Data security has a decisive impact on the survival and development of enterprises, and the leakage and destruction of data assets will lead to irreparable economic losses and loss of core competitiveness of enterprises. Data flow is the only way to unlock its value, and if you want to protect the core assets of the enterprise, you need to realize the secure exchange of data.
In order to prevent the leakage of intellectual property rights and trade secrets, many enterprises usually isolate their networks from security. Internally, the internal and external networks are separated, the Internet is isolated from the intranet, the production network is isolated from the office network, and the office network is isolated from the R&D network to ensure the information security of the enterprise. 5 Common Means of Network Isolation:
1. Isolation of DMZ area
Enterprises set up two firewalls between the internal and external networks, and the area between the two firewalls is the DMZ area. The internal network can actively access the DMZ zone, and the DMZ zone can actively access the external network, thus forming an intermediate buffer that can meet higher security standards.
2. Firewall isolation
A protective barrier constructed on the boundary between the internal and external networks, and between the private and public networks. A firewall is erected between the two networks to block all cross-network communication by default.
3. Virtual machine isolation
Two virtual subnets (for example, an office virtual subnet and a R&D virtual subnet) are constructed in the virtualization platform, and the two virtual subnets are not connected to each other. Enterprises can isolate virtual desktops by assigning two virtual desktops to each employee who needs them, connecting two virtual subnets respectively.
4. Barrier isolation
The basic principle of the dedicated network isolation equipment is to block the network communication protocol, adopt the private communication protocol internally, connect only one network at the same time, and take turns to connect the two networks for data ferry.

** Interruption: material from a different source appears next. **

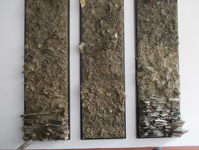 First we were shown profiles of the soil, showing the slates and degree of decomposition. L-R is Zeltinger Himmelreich (kingdom of heaven), Zeltinger Schlossberg (hill of the castle), Zeltinger Sonnenuhr (sundial).

5. Dual NIC host isolation
Install two NICs on a physical host, one connected to the internal network and one to the external network. Generally, it needs to be managed by a special person. When cross-network file exchange is required, the sender transmits the data to the host, and the file content is reviewed and registered by a special person, and then the data is sent from the host to another network.
However, in the daily business of enterprises, there are a large number of scenarios that require file transfer between different networks. The IT department needs a data security exchange system that not only meets the security management standards, but also meets the needs of business users, and can be controlled by IT. "FTRANS Cross-network File Security Exchange System" is a safe, reliable, powerful and innovative data security management product, which can help enterprises and organizations quickly establish a "system" between isolated networks (such as R&D network-office network, production network-test network, intranet-extranet, etc.).
1. Safe and efficient data transmission channel" to effectively prevent the leakage of sensitive information. The product features are as follows:
1. Multi-mode cross-network data exchange securely
Three cross-network file exchange modes are provided to meet the cross-network file exchange requirements in different scenarios.
fmail file mail: Accurate sending and receiving of similar mail.
FHUB transfer station: convenient self-delivery for a single user.
Network disk delivery: Delivery to a specific storage location in the system.
2. Document exchange approval
It supports step-by-step approval according to the two logics of organizational structure and reporting relationship.
Support countersigning, or signing, transferring, CC, and support approval notices.
Support the preview of approval documents**, and the file security check results are used as a reference for approval.
3. Sensitive information check
Sensitive information is checked for cross-network exchange files, and sensitive signature databases can be managed and imported in a unified mannerRegular expressions and custom sensitive keyword checks are supported, and policies can be defined based on the number of hits.
At the same time, you can set all checkpoints such as file type, size, quantity, sender and sender identity, etc., and flexibly combine them into security check policies.
Based on the inspection results, three processing actions are matched: blocking, releasing and triggering the manual approval process.
4. High-performance data transmission
The private file transfer protocol, combined with the unique high-speed transfer plug-in, ensures high-speed file transfer.
High-performance transmission technology ensures reliable transmission of large files and massive files.
File verification mechanism, support for resumable transmission, automatic retransmission of errors, and 100% transmission accuracy
5. Comprehensive log audit
Complete records of all user operation logs and file exchange logs of the platform.
The original file can be retained for a long time, regardless of user deletion.
Logs can be automatically archived and cleaned on a regular basis to alleviate storage pressure.
Logs can be retrieved and exported.
6. Enterprise-level integration capabilities
It provides a wide range of integration support, and the permission components provide open APIs to fully support enterprise-level application integration.
It supports enterprise AD account integration and AD unified identity authentication, and supports the integration of the approval process with the enterprise OA system and BPM system.
Support anti-virus engine, third-party DLP, encryption and decryption system integration.
Support WeCom, DingTalk, etc. for message notification integration.
Feichi Yunlian has been focusing on enterprise-level data exchange technology for more than ten years, and its products have been applied to more than 200 leading customers in multiple industries, ensuring the daily use of 150,000 end users in real time, and the quality of products and services is more guaranteed. The data security exchange platform "FTRANS cross-network file security exchange system" builds the internal system of the enterprise.
1. A secure cross-network file exchange channel greatly improves the efficiency of the whole process.